Al principio es tenebroso, como cuando se sueña y no se puede despertar. Es peor aún si sabes que estas soñando, pues entonces das cuenta que ni siquiera tu conciencia (o subconsciencia) atiende tus deseos.
Da un poco de miedo porque conoces la historia ya. Es como vivir esa fracción de segundo antes de tropezar y caer por las escaleras pero a un ritmo lento y de instantes detallados. Primero sientes que un agujero se forma en tu pecho. Ese agujero se va abriendo y al tiempo que te sientes vacío imaginas que comienzas a flotar. Pero flotar es feo, no es como volar. Flotar es despegarte de tu referencia, es perder el piso y control. Flotar es angustia e intranquilidad.

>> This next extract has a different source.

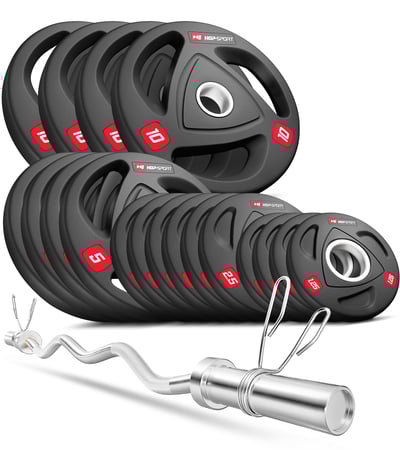 Olympia Hantelset 89 kg (2x10 kg, 2x5 kg, 2x2,5 kg, 4x1,25 kg) mit SZ-Curlstange 120 cm Ø 50 inklusive 2 Federverschlüße aus Metal und Hantelscheiben mit universeller Lochbohrung 51 mm

Entonces viene un cañonazo de ideas, sentimientos y colores que llenan la mente pero vacían el alma. Y eso se siente terrible. Hay gente que habla del dolor de un corazón roto o la añoranza de un familiar perdido; pero el miedo del quebranto del alma, el ruido que hace un sueño al caer y romperse es estremecedor. El vaciarse es como explotar por dentro, lentamente y con cierto cosquilleo. Es sentir como la impotencia corre por las venas mientras respiras cada vez más rápido y con mayor pesadez.
Luego, dependiendo de la experiencia, es cuando te da sed. Se sienten los labios secos y la garganta pastosa. La piel incluso comienza a descarapelarse un poco… cómo arena. El oasis del espejismo sigue ahí, entonces bebes y bebes un líquido que también sabe a indiferencia. Eso ahoga… pero cuando la indiferencia es ajena y para uno; entonces sabe a fuego y huele a azufre. Tus ojos se abren (demás) y para cuando percatas la enorme grieta que dreno el estanque ya estás precipitándote bajo tierra.

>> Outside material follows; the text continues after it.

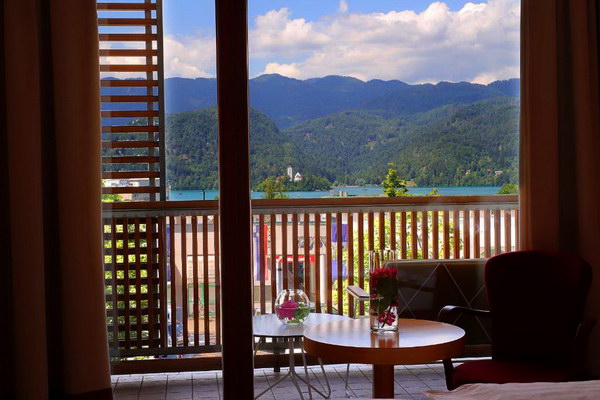 אגם בלד והכנסייה על האי שבמרכזו, תצפית ממרפסת אחד החדרים של מלון לובץ' בעיירה בלד

La desesperación no dura mucho, pues dependiendo de que tan ligero eres (o quieres ser) la caída siempre es lenta y poco impresionante. El problema es que ahí, quieto, en el fondo de esa gruta mágica puedes ver brillar todos esos otros “felices” momentos que ahora son piedras cristalizadas, joyas enterradas y brillantes opacos.
El miedo vuelve de nuevo. El miedo de perder otro pedazo de carbón alucinado como diamante. Algunas veces fue por gusto, otras por apatía; pero cuando se alimenta la idealización con genuina motivación es entonces cuando más duele ver todos esos minerales incrustados en parajes remotos de nuestra cueva subterránea.
Algunos entonces lloran. Otros estallan en ira. Otros más agrietan las paredes con sonoras e hirientes carcajadas. Pero la verdad es que el daño es y se vive para uno mismo. Se siente, se devora, se analiza, se disfruta, se detesta, se exalta, se esconde, se potencia, se le da un nombre, se le describe, se le olvida, se le ama.
No dejamos; sin embargo, de jugar. Crear espejismos es un pasatiempo peligroso. Fugaz a veces, pero siempre potencialmente devastador. Algunos no lo sobreviven, otros aprenden a vivir de él. Yo no sé si pueda sobrevivir otra ilusión pues es posible que ya este ahogado en espejismos.